Why did I live my life this way?

Because I knew no other way to live. As Herb put it, I was “a gutless wonder”. I chose to run with gangs to prove my worth. I tried to fight my way out of being a coward because I was too chicken to walk away from a fight or to let a difference of opinion be limited to words. I didn’t learn the sport of football, that would take too much discipline and genuine courage to train right. I was there for the violence… I was there to fight.

In all that I did, in one way or another, I’ve been fighting life, all my life, because I was afraid not to fight .. Even though I was undefeated in amateur and professional boxing and karate I quit competing because I was a coward to face the chance of losing. So, I look at me today in terms of how much of me is still a coward. And what it is that scares me? What does it take to not be a coward?
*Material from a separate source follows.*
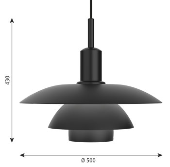 La lampe produit une lumière anti-éblouissante diffuse et agréable, typique de l’ensemble abat-jour réfléchissant de Poul Henningsen. Cette lampe est disponible en verre opalisé blanc, ou en métal peint noir finition soft touch et face interne blanche. Alors que les abat-jour métalliques à la face interne peinte en blanc renvoient une belle lumière essentiellement dirigée vers le bas, les abat-jour métalliques supérieurs associés aux abat-jour inférieurs translucides en verre soufflé à trois couches génèrent une lueur chaleureuse autour de la suspension. Le diffuseur fourni en verre dépoli est très simple à insérer et permet d’adoucir encore plus la répartition de la lumière.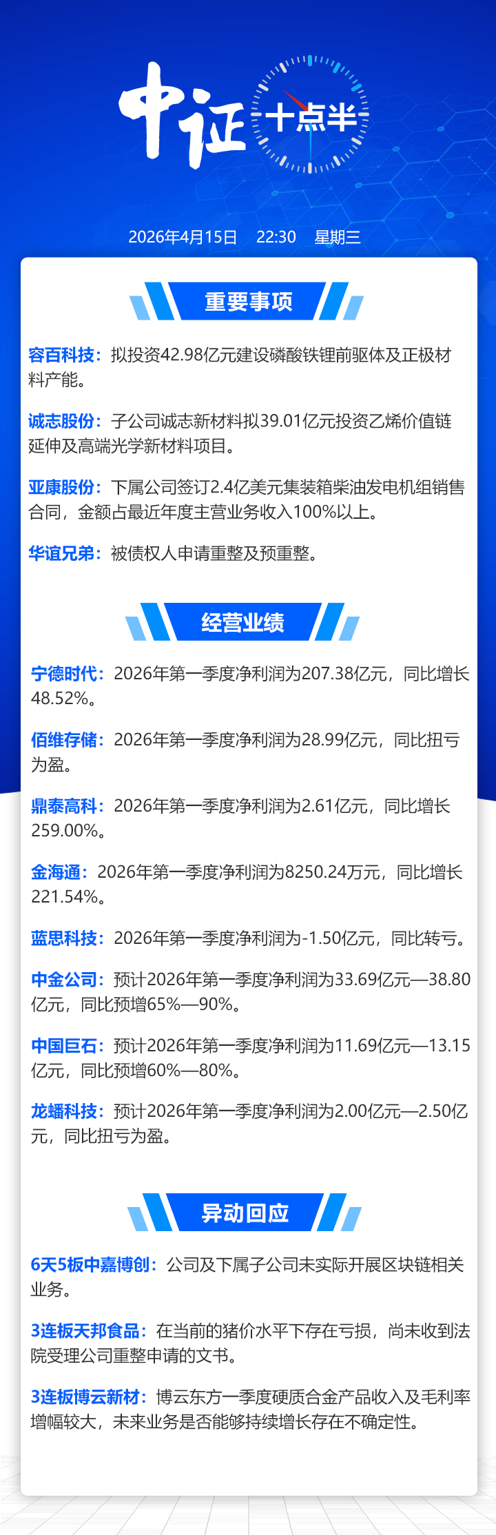 【中证十点半】容百科技拟42.98亿元建设磷酸铁锂前驱体及正极材料产能;华谊兄弟被债权人申请重整及预重整

What hard work do I fail to pursue because I’m afraid I don’t measure up to the competition?
How much success have I turned my back on because I was afraid I couldn’t live up to repeating the victory expected of me? On a more personal note – Why do I give up on me and let my friends and family suffer from my mistakes and never be in a position to help them?

It doesn’t require one to enter a karate or boxing ring, it doesn’t require one to climb the highest mountain, or jump a motorcycle over a cliff. As I think of it, all it requires is that one has the courage to make that choice to go for what they want most in life, just once. That’s right, just once! Do like Tony did and make that decision just once, and you’ll be on your way. And, if it’s a real decision, the conditions in your life will change. And then, make that decision again the next day, and then the next and the next… and as Tony would say, “Take just One Step at a Time.” Soon you’ll have the courage to accept your conditions as you watch them getting better and better each day.

So, what does it take then, in terms of courage, to get up and get out and sacrifice a desire of the day for what you truly value and want to be in your life tomorrow? Possibly, it’s just doing the simple things with passion and perseverance and having the daily courage to face life on life’s terms. Namely, to take the cards you’ve been dealt, and play them with dignity. And, if it’s just getting up and giving each day all you’ve got without being afraid to lose… then, do it. And know that what you expect from life and what you receive from life will always match each other as long as you give to life a true measure of yourself untainted by unrealistic expectations and judgments.

So go ahead and do what you’ve always dreamt to do… be who you know yourself to be… and be your own hero, today!